Michel terbangun dan mendapati dirinya tertidur di lantai kamar. Matanya membelalak dan diedar ke segala arah. Detak jantungnya masih bisa dia rasakan, malah sudah merambat ke kepalanya dan terasa sakit sekali. Kehangatan tubuhnya belum menghilang. Rasa perih di belakang kepala menyadarkannya kembali ke alam sadarnya.

Mimpi buruk itu telah menjadi kenyataan.

Gadis itu sontak berdiri dan membuka pintu kamar, berlari sekencang mungkin mencari sosok pemuda yang akan menolongnya tanpa peduli dengan penampilannya yang berantakan.

Michel hanya membutuhkan Lea.

Panasnya aspal yang melepuh dia acuhkan. Krikil-krilik yang berserakan di tanah dan rumput tinggi yang gatal, dia terobos. Rambut hitam terurainya kusut dan membentuk gumpalan-gumpalan mengerikan. Tidak peduli seperti apa tatapan semua orang ketika melihat sosok Michel.

Di seberang jalan, ada segerombolan anak kecil berseragam putih merah yang menyadari penampakan Michel yang tidak cocok di pagi yang indah nan cerah. Salah satunya melayangkan telunjuknya sembari berkata, "Lihat! Ada orang sakit jiwa."

Ya, bisa jadi ... karena kewarasan Michel sudah di ujung tanduk dan sedikit lagi akan jatuh ke lembah kegilaan.

Gedung koperasi sudah di depan mata. Cowok yang mengenakan tudung dan jaket berwarna merah api sedang duduk di salah satu bangku dengan kedua kaki dinaikan ke atas meja. Selain dirinya, hanya bangku-bangku kosong yang menemani dirinya menghabiskan waktu di sana.

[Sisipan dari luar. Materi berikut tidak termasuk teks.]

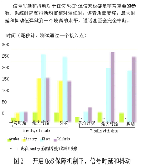而當我們通過一個接入點或交換機傳送6到7個并行VoIP呼叫時,尤其是加入了數據通信業(yè)務后,所有產品的系統(tǒng)性能顯著降低。另外,當開通7個并行VoIP呼叫和關閉QoS保障機制時,即使沒有加入數據業(yè)務, Colubris設備也幾乎都處于通話中斷的狀態(tài)。因此,我們無法得到任何測試數據(如圖1所示)。
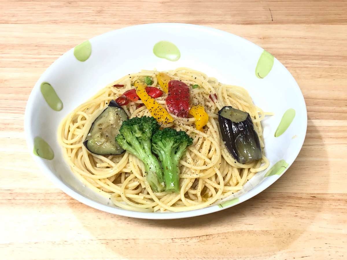 具はお好みのもので問題ありませんが、今回はお店にありそうなパスタをイメージしてなす、ブロッコリー、パプリカで彩り鮮やかにしてみました。

Lea pasti mengerti penderitaan Michel. Cuman dia yang memahami hal-hal tidak masuk akal seperti dua orang penguntit yang datang ke kosnya tadi malam.

Michel yakin seratus persen kalau kejadian itu bukanlah mimpi seperti dahulu. Ternyata bunga tidur itu adalah sebuah pertanda akan masa depan yang akan menimpanya. Ini semua pasti ada kaitannya dengan siapapun yang mengetahui kalau Michel telah menerobos masuk ke wilayah kesenangan mereka.

Lea satu-satunya harapan yang bisa menyelamatkannya dari teror ini.

"Lea! Kumohon, tolong aku," pinta Michel dengan suara serak. Tenggorokannya kering akibat berlari tanpa henti sejauh dua kilometer.

Lea menoleh dan terkejut. Cowok itu mendorong kursinya ke belakang dan segera mendekat ke gadis malang itu. "Lia ... apa yang terjadi padamu?" tanyanya tampak khawatir.

Suara lembut dari Lea membuat tangisan Michel pecah. Gadis itu langsung memeluk tubuh Lea sembari meraung-raung keras. Air mata mengalir deras di pipinya yang pucat.

Rangkulan hangat bisa Michel rasakan di punggungnya. Arom tubuh Lea sejenak membuat dirinya tenang. Dia sudah tidak tahu harus ke mana lagi.

Tidak ada tempat yang aman baginya. Tidak ada jalan pulang untuknya.

"Lia, ayo duduk dulu. Kita bicarakan pelan-pelan tentang apa yang menimpamu tadi, oke?"

Michel mengangguk sekali, melepaskan pelukannya, dan berjalan terseok-seok ke kursi kosong yang dituntun oleh Lea. Gadis itu duduk dan membisu. Sinar matanya begitu hampa.

Lea yang tidak tahu harus memulai dari mana pun bertanya, "Kamu mau minum? Aku bisa ambilkan di dalam."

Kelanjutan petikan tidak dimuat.